~ 恩師の「心行の解説」より ~
先の続き・・・
そこで問題なのは、悟りの心境をいかに持続していくかということです。
悟ったらもう怒りも愚痴も貪欲も出ない、と思ったらとんでもない間違いで、
お釈迦様もイエス様も生きている限り、その思いは湧いて来たのです。
その湧いて来た思いをいかに早く捨てられたかが問題であってそれによってすばらしいのです。
そのことは聖書の中にも、仏典の中にも書き残されています。
「悪魔物語」の中に、このように書かれています。
ある時、お釈迦様が托鉢に出られました。
鉢を持って、一軒一軒回ってその日戴く食事を鉢にいれてもらうのです。
これは、日本の私たちが知っている乞食さんとはちょっと違います。
同じ「乞食」といっても、人の家の表に立たれて、
「私の行いに価値ありと認めたならば、余食を鉢に投じたまえ」と言って家々を回るのです。
余食を受けるのが礼儀作法ですね。
或る時、托鉢に回られたのですが、町は祭りでごった返しており、誰一人、お釈迦様の
鉢に食べ物を入れてくれなかったのです。
ただ鉢を持って貰い歩くのだから、楽なことだと思いますが、これはまことに真剣勝負の一つです。

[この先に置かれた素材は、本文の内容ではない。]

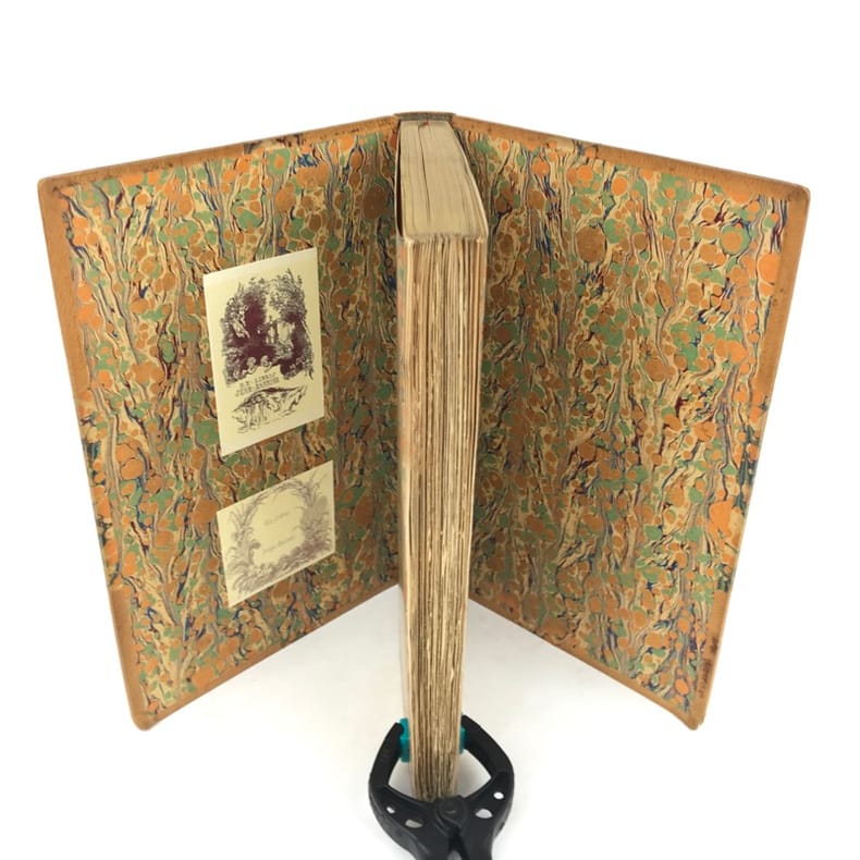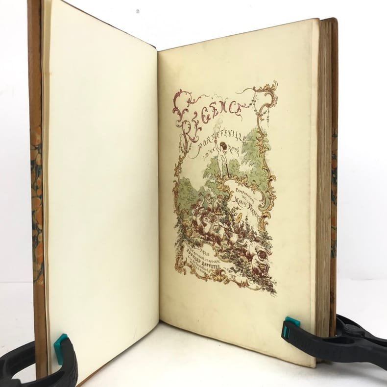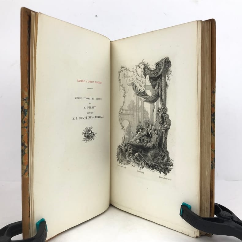 1 volume in-8 (22 cm x 13,5 cm), demi maroquin à coins citron (reliure de l’époque, signée Champs), dos à nerfs orné de motifs dorés, mosaïqués en vert, pièce de titre verte, tête dorée, ex-libris de Jean et Serge Barrier contrecollés sur le contreplat, couverture conservée, [2]-xxvi-224-[4] pages (complet). Rares rousseurs. Bon état. ÉDITION ORIGINALE illustrée d’un titre-gravé ainsi que de 3 gravures à pleine page et quelques vignettes, par Perret, gravées par Rouveyre et Puyplat. Édouard Rouveyre, (1849-1930), est un essayiste, éditeur et libraire français, qui fut un fervent bibliophile, spécialiste et collectionneur d'ouvrages anciens. Outre des bibliographies, on compte aussi dans son catalogue des ouvrages plus techniques ayant pour thèmes des aspects méconnus de l'histoire, le sport, certaines périodes de l'histoire de l'art, ainsi que les arts décoratifs. Bel exemplaire.

価値あると認めてもらわなくては、鉢に食べ物は入れてもらえないのです。
日本の乞食さんというのは、家の表に立って、「恵んで下さい」といって、
食べ物をもらっていたのですが、あれとは意味が違います。
お釈迦様が一日足を棒にして回っても一粒の米さえもらえず、
空っぽの鉢を持って精舎に帰って来られた時、悪魔がささやきかけてきたのです。
「今一度町に行ってみよ。私がその鉢に食べ物を山と盛ってあげよう」。すると、
お釈迦様はこのようにおしゃいました。私は食べ物だけによって生きているのではない。
私は喜びを食として生きよう」と。
その時悪魔は、「仏陀は私を見通した」と言った、と書かれています。
この悪魔とは何かというと、いかに偉大なお釈迦様でも、
一日中町を歩いて一粒のお米ももらえなかった時は「腹がへるなあ、困ったなあ」と思います。

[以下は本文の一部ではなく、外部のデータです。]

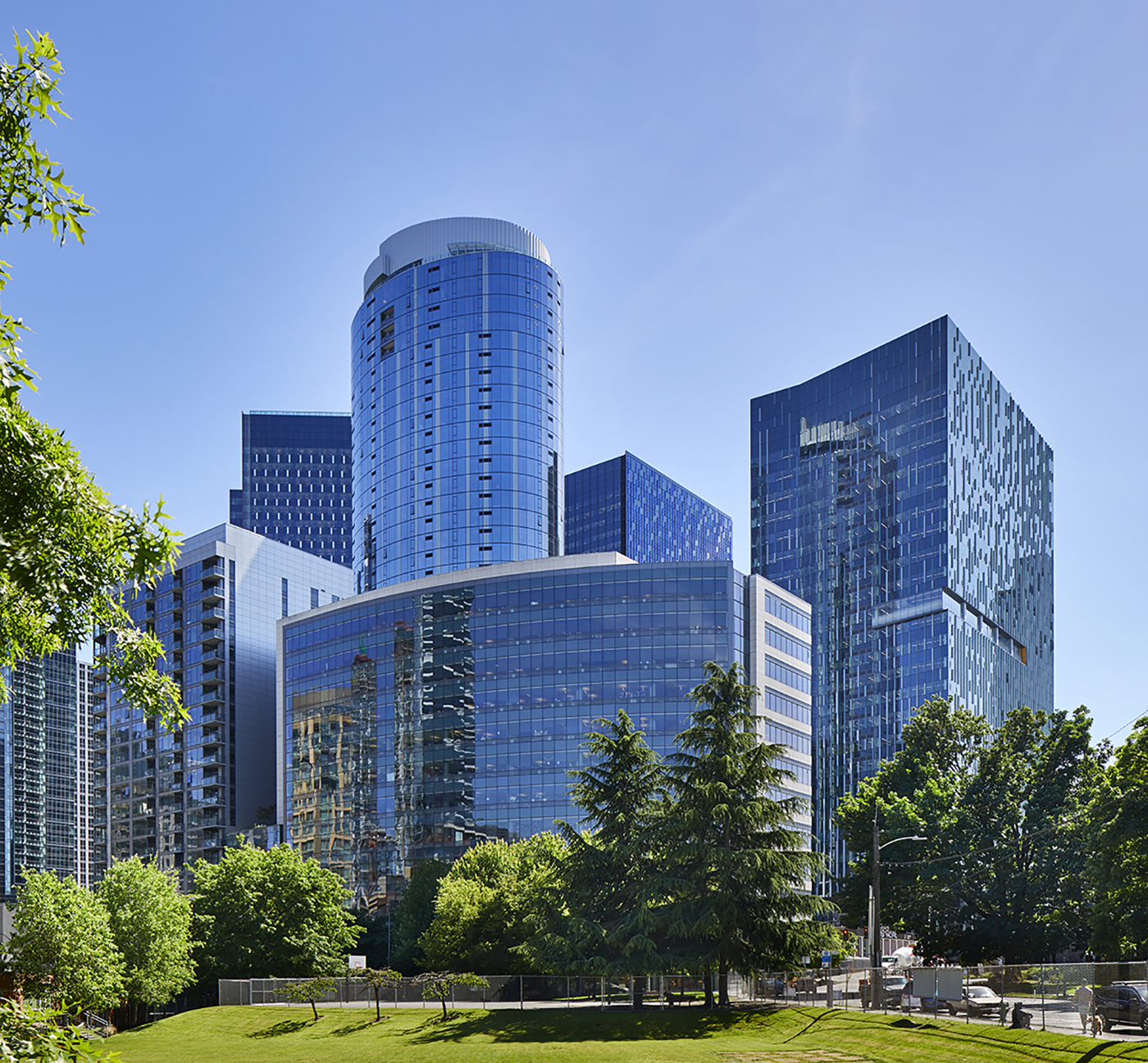 The revitalization of Seattle’s Denny regrade neighborhood employed vertical density to increase overall site utilization and reduce the amount of area required to house these functions as compared to horizontal, single-use models where each program element may be in an individual building. Building mechanical elements are consolidated within the subterranean garages and rooftops, freeing up the ground plane for open space, circulation and active uses, while the towers above maintain high efficiency and program flexibility. The result is the ability to fit more value within a smaller container, doing more with less.

この心が悪魔ですが、しかしそうお思いになって当然です。
そして、「今なら祭りも終わっているから、もう一度家を回ったら、
食べ物を入れてくれるかも知れないなあ」という悪魔のささやきがお釈迦様の心の中に湧いてきたのですね。
その時、お釈迦様は、「今日は命がけの托鉢をしたが何もなかった、私はするだけのことができて満足である。
私はその喜びのほうを取ろう」と思われて、自分の精舎へお帰りになったのです。
誘いにくる悪魔とは、自分の肉体の持っている自己保存の欲望です。
悪魔といえば、口が裂け、角が生えた奴だと思いますが、実は私たちの自己保存、自我我欲こそが、
私たちを苦しみの中へ誘い込もうとするのであり、これが悪魔の正体です。